*Exercise*: What you should give back is a precise copy of the lines below from the one containing "Язвенно-некротический гингивит Макроскопически: гиперемия" through the one containing "在小店后台---订单/配送中", with no pictures.

*Data*:
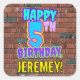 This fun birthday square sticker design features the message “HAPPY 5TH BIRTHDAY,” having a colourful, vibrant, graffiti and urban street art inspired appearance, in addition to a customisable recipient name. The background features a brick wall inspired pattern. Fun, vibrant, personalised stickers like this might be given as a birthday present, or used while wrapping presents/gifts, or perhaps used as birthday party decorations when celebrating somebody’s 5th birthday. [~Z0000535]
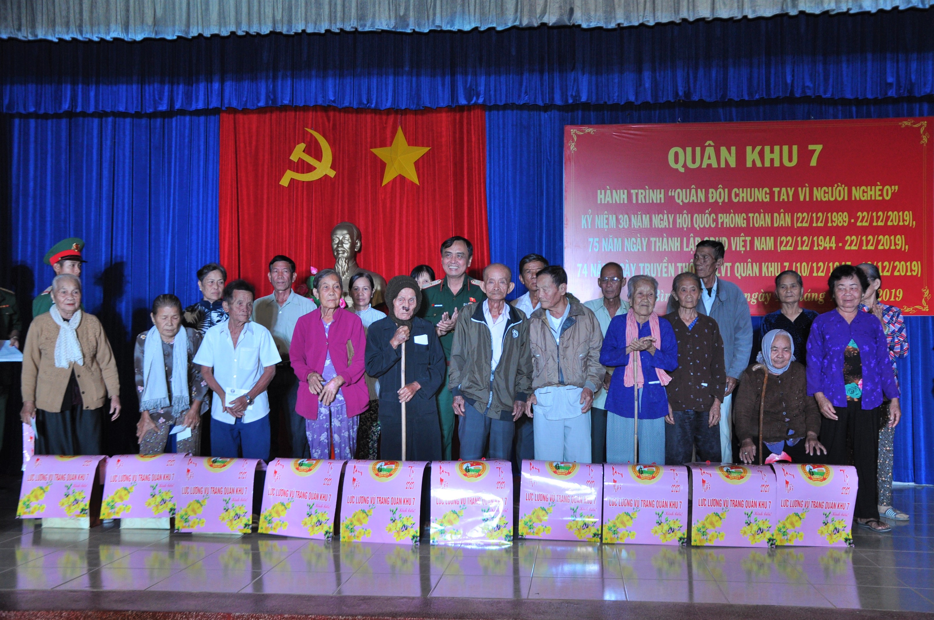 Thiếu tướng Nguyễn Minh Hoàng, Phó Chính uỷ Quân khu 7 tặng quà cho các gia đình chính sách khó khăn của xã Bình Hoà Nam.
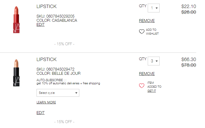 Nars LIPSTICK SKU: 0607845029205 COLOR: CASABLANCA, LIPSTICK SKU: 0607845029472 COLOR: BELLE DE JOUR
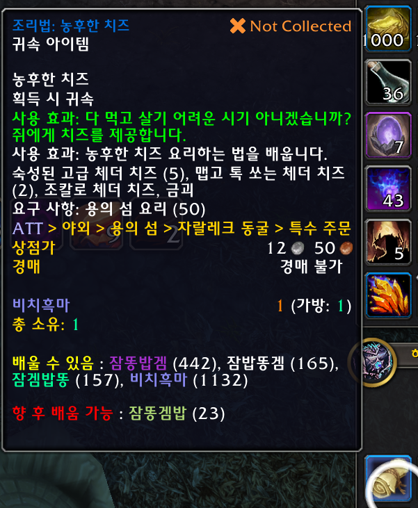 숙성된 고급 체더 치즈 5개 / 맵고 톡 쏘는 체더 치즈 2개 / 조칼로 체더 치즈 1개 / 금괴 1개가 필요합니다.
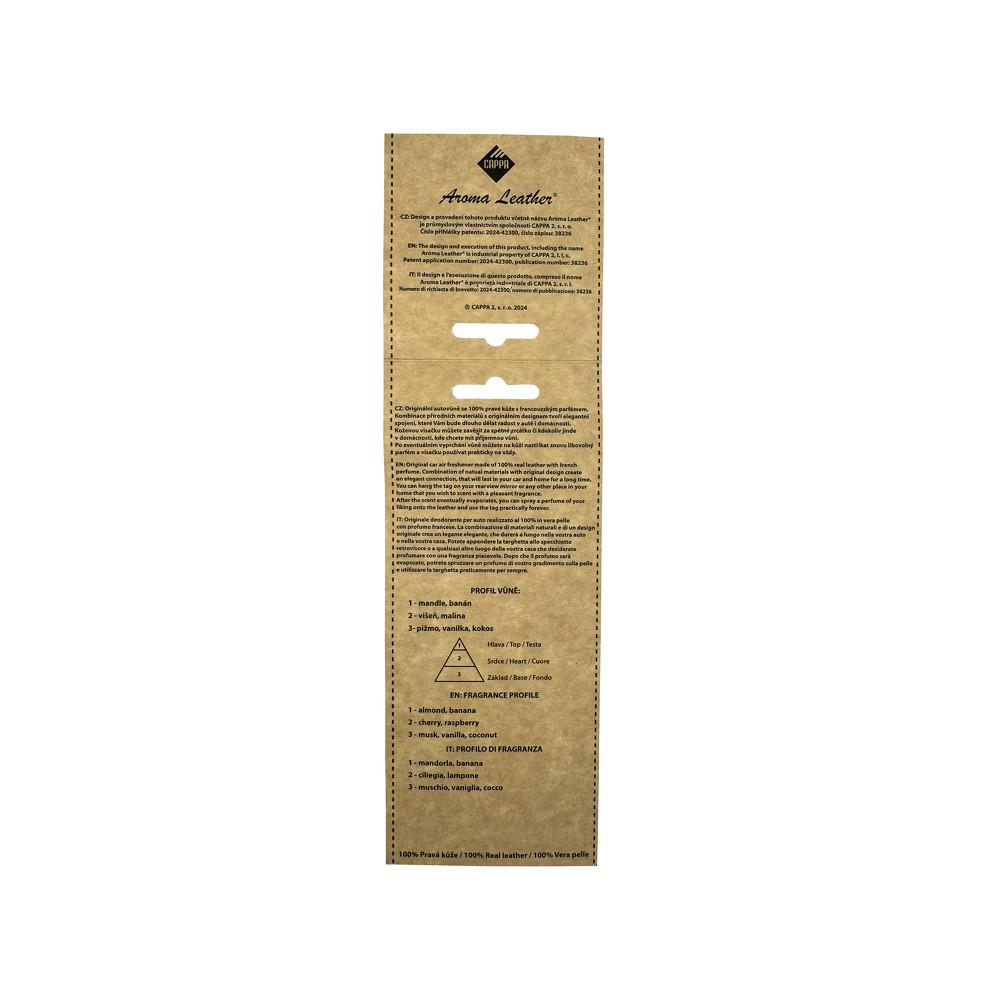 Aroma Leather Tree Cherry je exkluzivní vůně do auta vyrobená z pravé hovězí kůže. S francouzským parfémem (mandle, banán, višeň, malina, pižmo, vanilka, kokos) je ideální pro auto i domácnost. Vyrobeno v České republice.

---

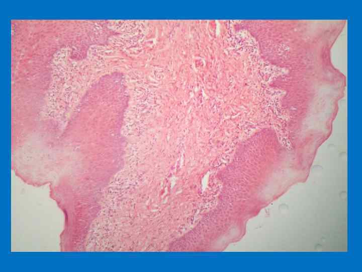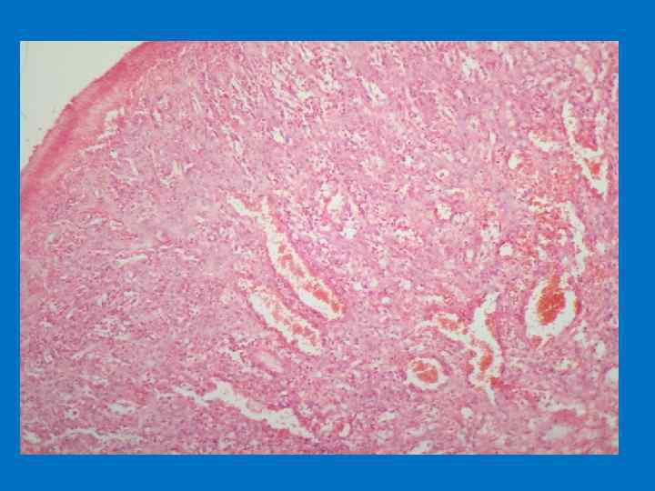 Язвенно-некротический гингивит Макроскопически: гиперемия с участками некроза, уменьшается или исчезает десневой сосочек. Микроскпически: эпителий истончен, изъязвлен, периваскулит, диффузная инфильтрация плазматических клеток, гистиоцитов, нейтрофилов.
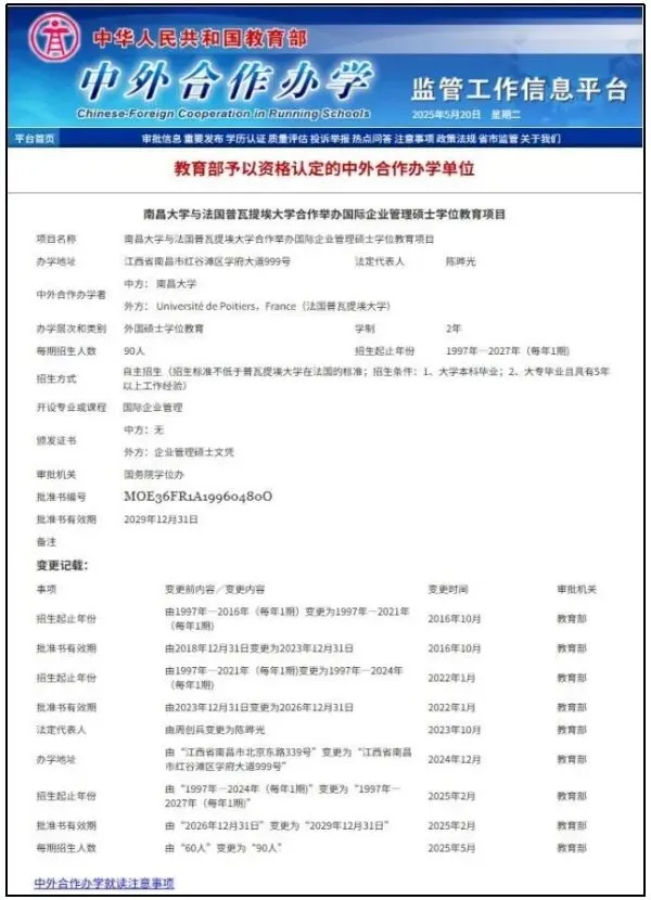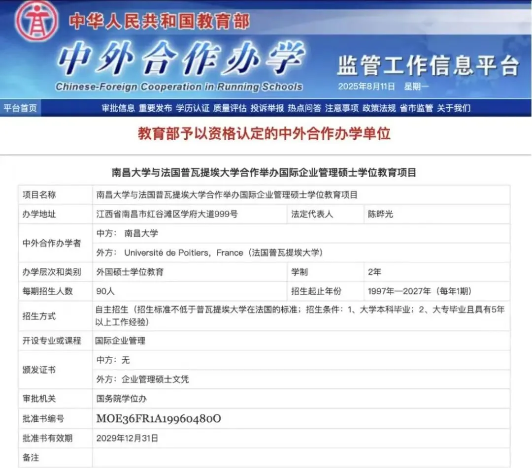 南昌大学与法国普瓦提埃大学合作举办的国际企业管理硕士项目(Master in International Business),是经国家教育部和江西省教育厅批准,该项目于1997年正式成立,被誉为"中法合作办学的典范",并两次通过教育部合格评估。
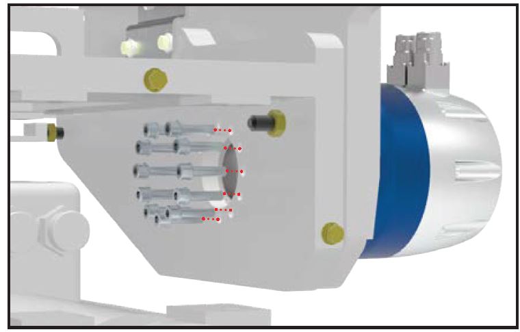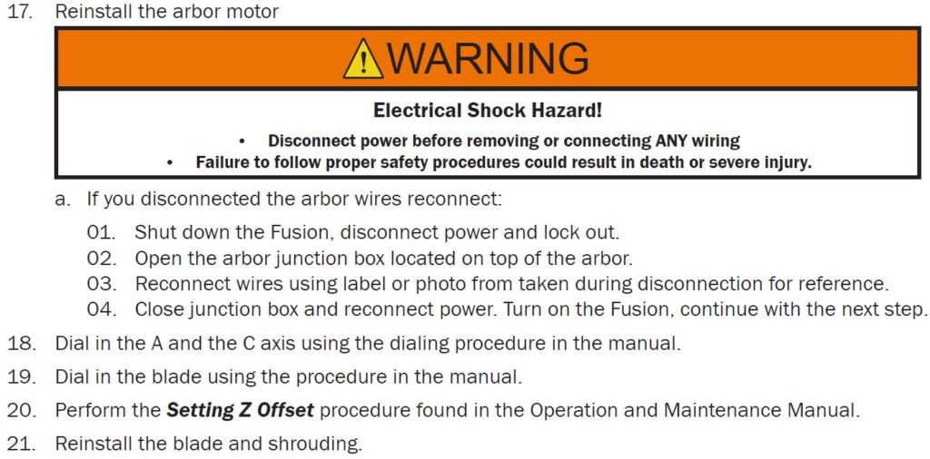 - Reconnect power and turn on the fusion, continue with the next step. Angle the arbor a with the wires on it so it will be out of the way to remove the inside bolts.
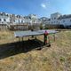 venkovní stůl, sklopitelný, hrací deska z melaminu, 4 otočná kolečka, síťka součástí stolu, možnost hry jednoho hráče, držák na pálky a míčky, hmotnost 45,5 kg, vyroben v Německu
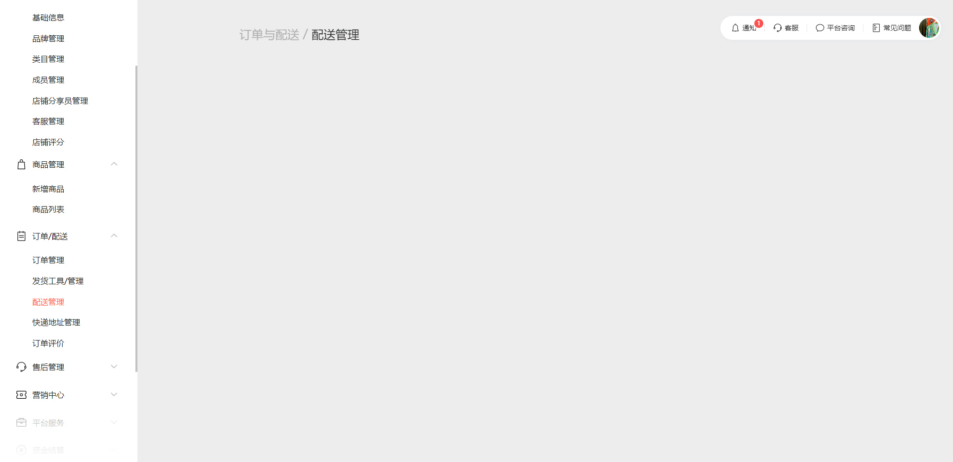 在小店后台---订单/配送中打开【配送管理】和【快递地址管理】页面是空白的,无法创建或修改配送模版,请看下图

*Output for this task*:
 Язвенно-некротический гингивит Макроскопически: гиперемия с участками некроза, уменьшается или исчезает десневой сосочек. Микроскпически: эпителий истончен, изъязвлен, периваскулит, диффузная инфильтрация плазматических клеток, гистиоцитов, нейтрофилов.
 南昌大学与法国普瓦提埃大学合作举办的国际企业管理硕士项目(Master in International Business),是经国家教育部和江西省教育厅批准,该项目于1997年正式成立,被誉为"中法合作办学的典范",并两次通过教育部合格评估。
 - Reconnect power and turn on the fusion, continue with the next step. Angle the arbor a with the wires on it so it will be out of the way to remove the inside bolts.
 venkovní stůl, sklopitelný, hrací deska z melaminu, 4 otočná kolečka, síťka součástí stolu, možnost hry jednoho hráče, držák na pálky a míčky, hmotnost 45,5 kg, vyroben v Německu
 在小店后台---订单/配送中打开【配送管理】和【快递地址管理】页面是空白的,无法创建或修改配送模版,请看下图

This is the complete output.